Buck's latest album is "Prodigal Son," a homecoming record featuring the New Madrids--bassist Adam Rich, drummer Ernie Richmann, and guitarist Joe Landes. Americana UK calls the band "kick ass" and says of Prodigal Son, "Buck sounds like a man possessed. The analogue production is tight, and beautifully complements the taut, yet funky as hell arrangements. It is apparent that Oliver Buck is edging ever closer to the classic album that he so obviously has inside him." Many now think "Prodigal Son" is that classic album.
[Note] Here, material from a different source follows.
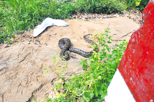 一条贪嘴的蟒蛇闯入村民猪舍想偷吃小猪仔,结果被猪舍主人擒获,有人获悉后想出高价每斤300元买做“盘中餐”,但被爱心村民拒绝了,该村民将蟒蛇送到仙游县林业局,请求将擒获的蟒蛇放生。29日上午,记者跟随林业局野生动植物保护站和林业执法大队人员,将蟒蛇送到龙华金沙与金建交界的深山老林中放生。 29日上午,在仙游县林业局大厅内,记者看到大蟒蛇乖顺温驯,重达20多斤,背上有黄色花纹。由于蟒蛇盘卷一团,无法测量其长度。据林业执法大队负责人介绍,该蟒蛇是鲤南镇涵井村的一位村民抓获的。为了尽快给大蟒蛇找一个安稳的栖息地,仙游林业局执法大队三队长蔡黎忠带领执法人员和野生动植物保护站的工作人员将大蟒蛇带到龙华金沙与金建村交界的深山老林中放生。蔡黎忠告诉记者,放生的地方必须是山林地带,还要有溪流,周边没有居民居住,否则蟒蛇易受惊吓。放生时,记者看到该蛇有如碗口般粗细,有3米多长。蔡黎忠告诉记者,野生蟒蛇为国家一级重点保护野生动物,任何个人不得私自捕捉和贩卖蟒蛇,违规者将受到相应的法律处罚。群众如在野外发现蟒蛇,可通知林业部门前往处理。(莆田晚报 李金春) |
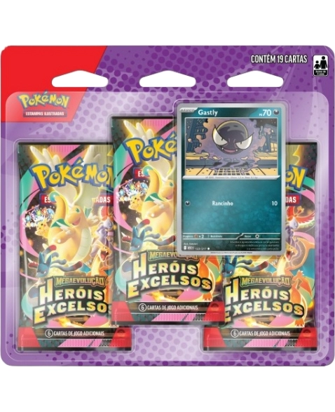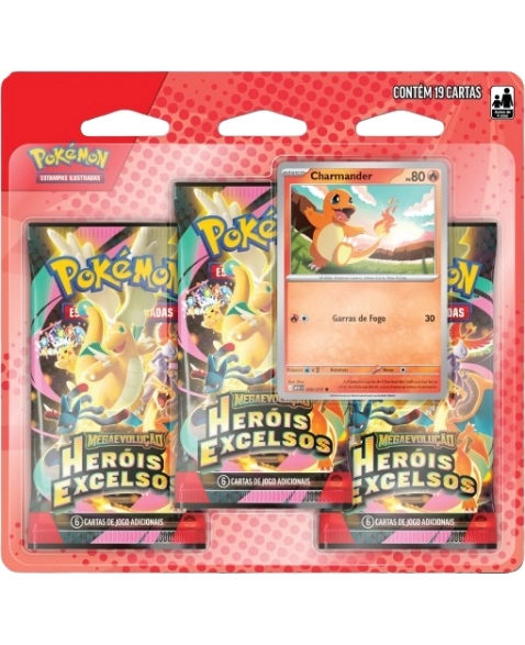 Nesta coleção, você vai encontrar Charmander ou Gastly como uma carta laminada promocional, além de muitos outros Pokémon nos três pacotes de booster da expansão especial Megaevolução – Heróis Excelsos!

Oliver Buck's turn to professional musicianship came later than most, at age 32. During the past two years, however, he has made up for lost time, releasing two albums and writing songs for a third. He has appeared on club and festival bills with The Black Crowes, Keb' Mo', Los Lonely Boys, The Radiators, Leon Russell, Robert Randolph & the Family Band, Jason White, David "Honeyboy" Edwards, Eric Lindell, The Slip, Will Hoge, Joe Bonamassa, Marc Ford, Grace Potter & The Nocturnals, and the Everybodyfields. Buck was selected to play at the 2008 North By Northeast (NXNE) Conference in Toronto, and was one of six national finalists in the 2007 Telluride Blues & Brews Festival Acoustic Blues Competition. Currently, Oliver Buck & the New Madrids are at work on their third album.